Two parts - is it possible/supported and is anybody doing it? I installed NetBSD on my simulated VAX and it worked, and supposedly OpenBSD supports VAX, but neither are as familiar to me as FreeBSD.


----------



## Jose (Jan 23, 2022)

Doesn't look that way








						Platforms
					

FreeBSD is an operating system used to power modern servers, desktops, and embedded platforms.




					www.freebsd.org


----------



## astyle (Jan 23, 2022)

From a very long time ago, I seem to recall that NetBSD's project page does contain some good instructions about making a port for a different architecture... I would not recommend trying to port FreeBSD to VAX. But if you start messing around, and are willing to put in some time and effort, and are open to learning stuff that may not appear related - then nothing is out of question. Good luck.


----------



## gpw928 (Jan 23, 2022)

The address space on the PDP-11 would be insufficient to run any modern BSD.

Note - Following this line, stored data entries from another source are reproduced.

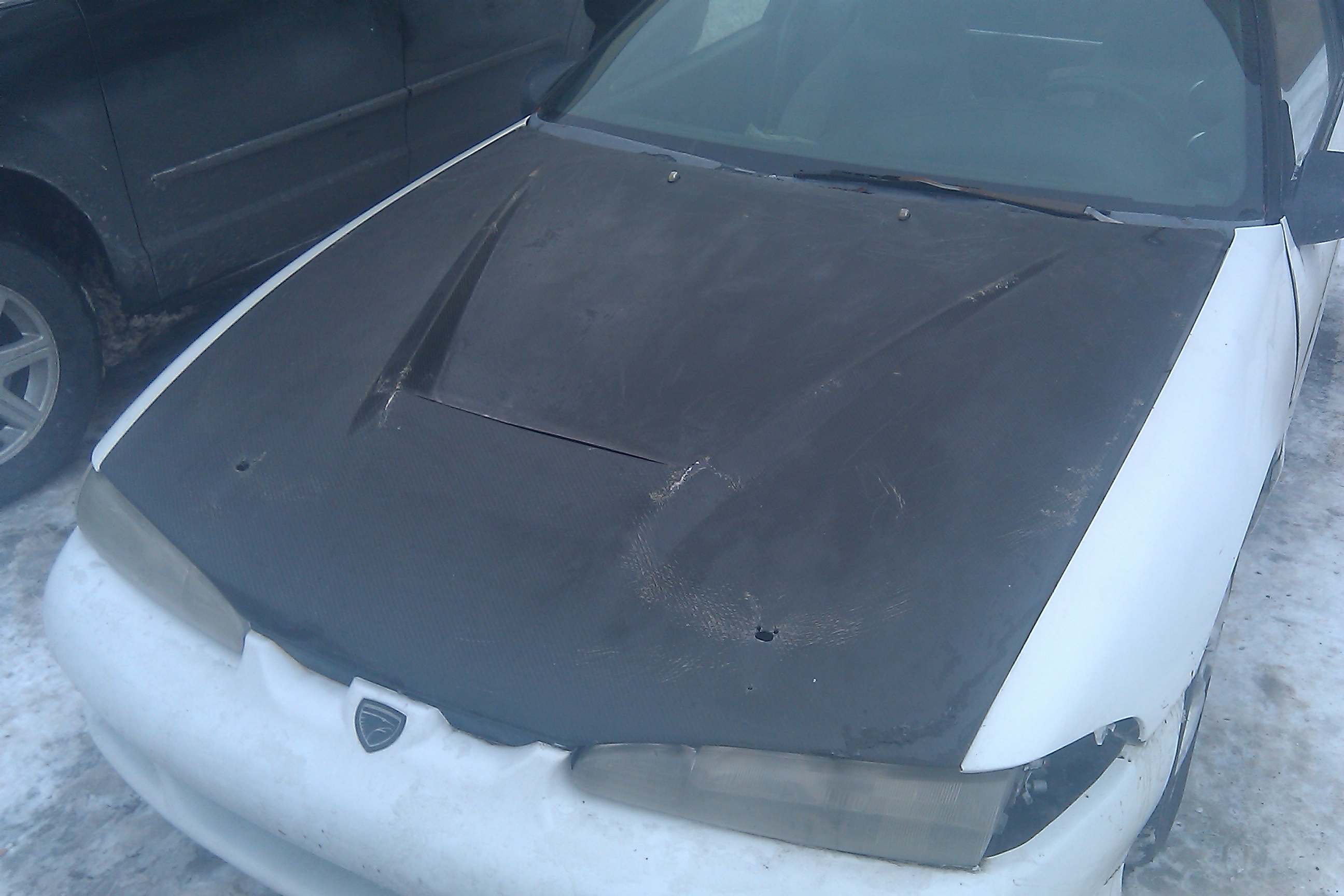 So I just bought this car last night and it has q CF hood on it. The hood is in pretty crappy shape, basically there are a few stress spots where the clear coat on the hood cracked and peeled. And where the vent is on the hood the corners are pretty beat up. Also there are 2 hoodpin holes drilled in it.
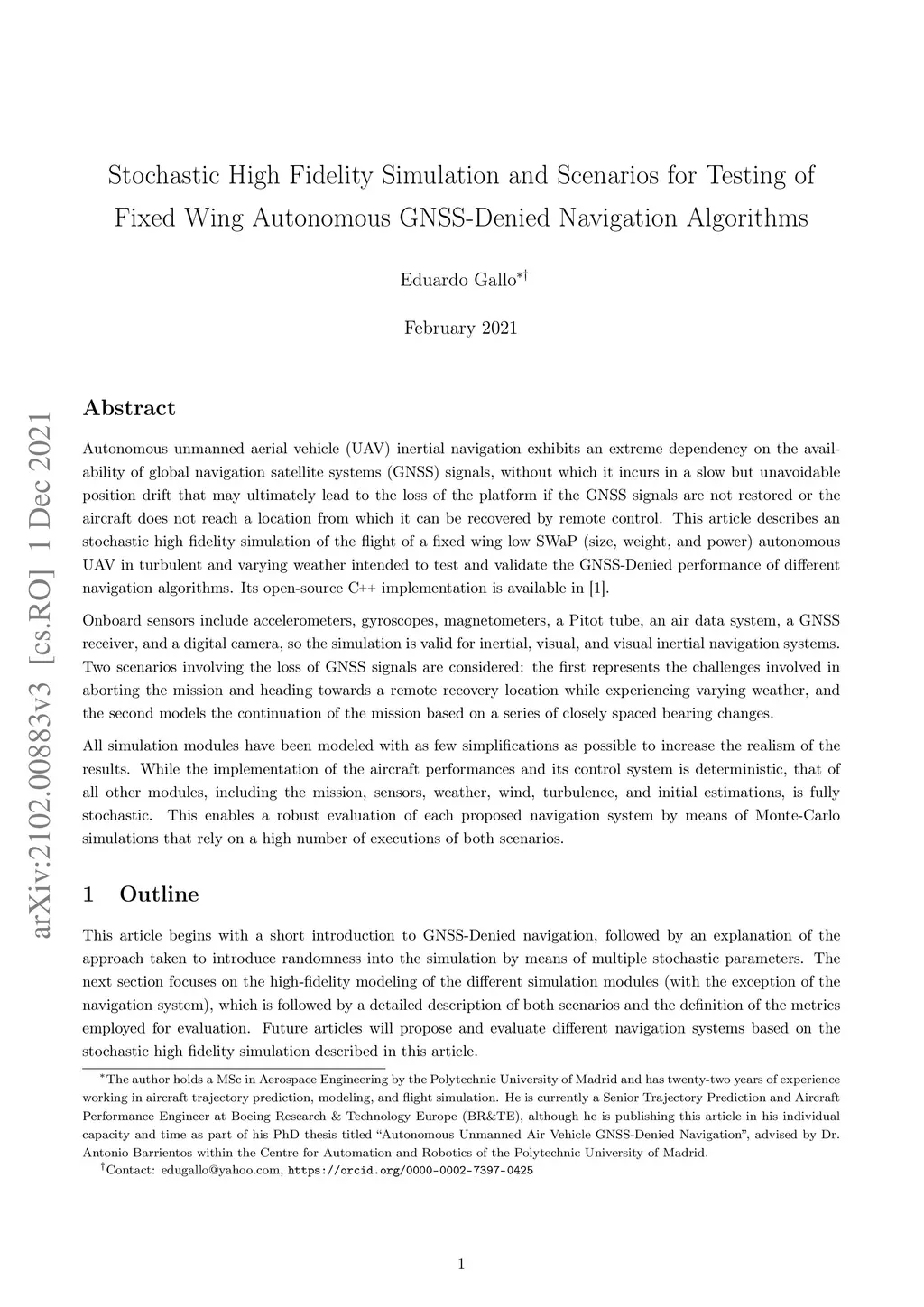 Autonomous unmanned aerial vehicle (UAV) inertial navigation exhibits an extreme dependency on the availability of global navigation satellite systems (GNSS) signals, without which it incurs in a slow but unavoidable position drift that may ultimately lead to the loss of the platform if the GNSS signals are not restored or the aircraft does not reach a location from which it can be recovered by remote control. This article describes an stochastic high fidelity simulation of the flight of a fixed wing low SWaP (size, weight, and power) autonomous UAV in turbulent and varying weather intended to test and validate the GNSS-Denied performance of different navigation algorithms. Its open-source \nm{\CC} implementation has been released and is publicly available. Onboard sensors include accelerometers, gyroscopes, magnetometers, a Pitot tube, an air data system, a GNSS receiver, and a digital camera, so the simulation is valid for inertial, visual, and visual inertial navigation systems. Two scenarios involving the loss of GNSS signals are considered: the first represents the challenges involved in aborting the mission and heading towards a remote recovery location while experiencing varying weather, and the second models the continuation of the mission based on a series of closely spaced bearing changes. All simulation modules have been modeled with as few simplifications as possible to increase the realism of the results. While the implementation of the aircraft performances and its control system is deterministic, that of all other modules, including the mission, sensors, weather, wind, turbulence, and initial estimations, is fully stochastic. This enables a robust evaluation of each proposed navigation system by means of Monte-Carlo simulations that rely on a high number of executions of both scenarios.
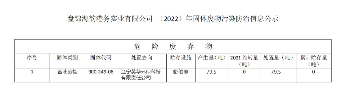 盘锦海韵港务实业有限公司固体废物污染防治信息公司
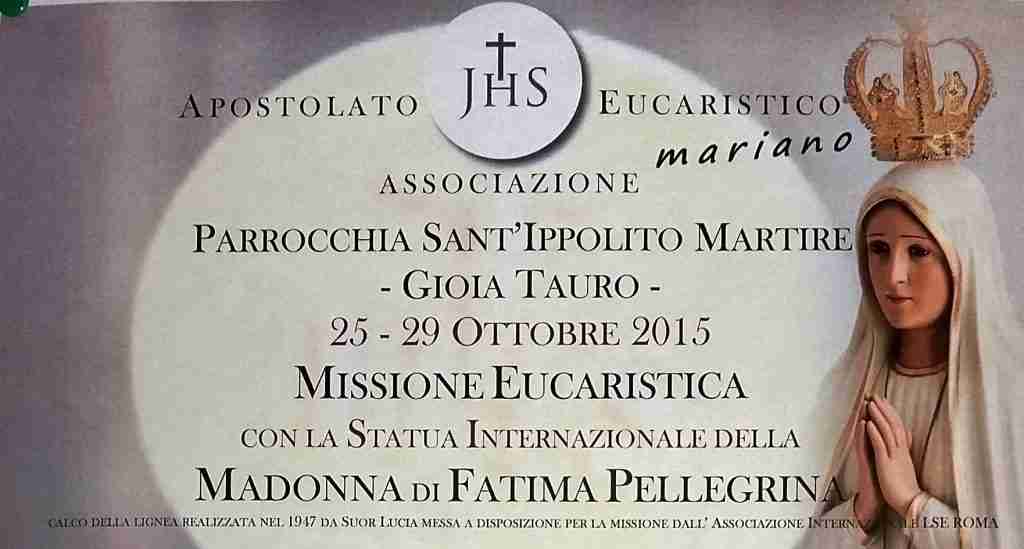 Nell’ultima giornata di missione, giovedì 29, la comunità si stringerà intorno alla statua di Fatima, con “l’atto di affidamento a Maria” della città. Dopo la celebrazione eucaristica delle ore 18 la statua partirà alla volta di Terranova Sappo Minulio.
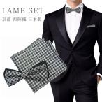 西陣織 蝶ネクタイ ポケットチーフ セット メンズ 黒 ブラック 結婚式 フォーマル パーティー シルク 日本製 ラメ 2枚重ね 簡単装着 首周り 調整可能 dplus arts

The PDP-11 did run System V, and 2.11BSD (source, and pre-installed simh versions available).


----------



## Terry_Kennedy (Jan 23, 2022)

decuser said:


> Two parts - is it possible/supported and is anybody doing it? I installed NetBSD on my simulated VAX and it worked, and supposedly OpenBSD supports VAX, but neither are as familiar to me as FreeBSD.


The closest you could get "out of the box" would be a (much) older FreeBSD release on an Alpha. According to this, FreeBSD 6.4 was the last release to support the Alpha architecture.

Even if any of these were possible, the slowest low-end x86-64 notebook available today would far outperform an actual Alpha.

On the other hand, I run an emulated Alpha with OpenVMS under FreeBSD, using the AlphaVM Pro emulator.


----------



## decuser (Jan 23, 2022)

gpw928 said:


> The address space on the PDP-11 would be insufficient to run any modern BSD.
> 
> The PDP-11 did run System V, and 2.11BSD (source, and pre-installed simh versions available).


Well, sort of 211 BSD is still maintained and works on the pdp sim just fine.


----------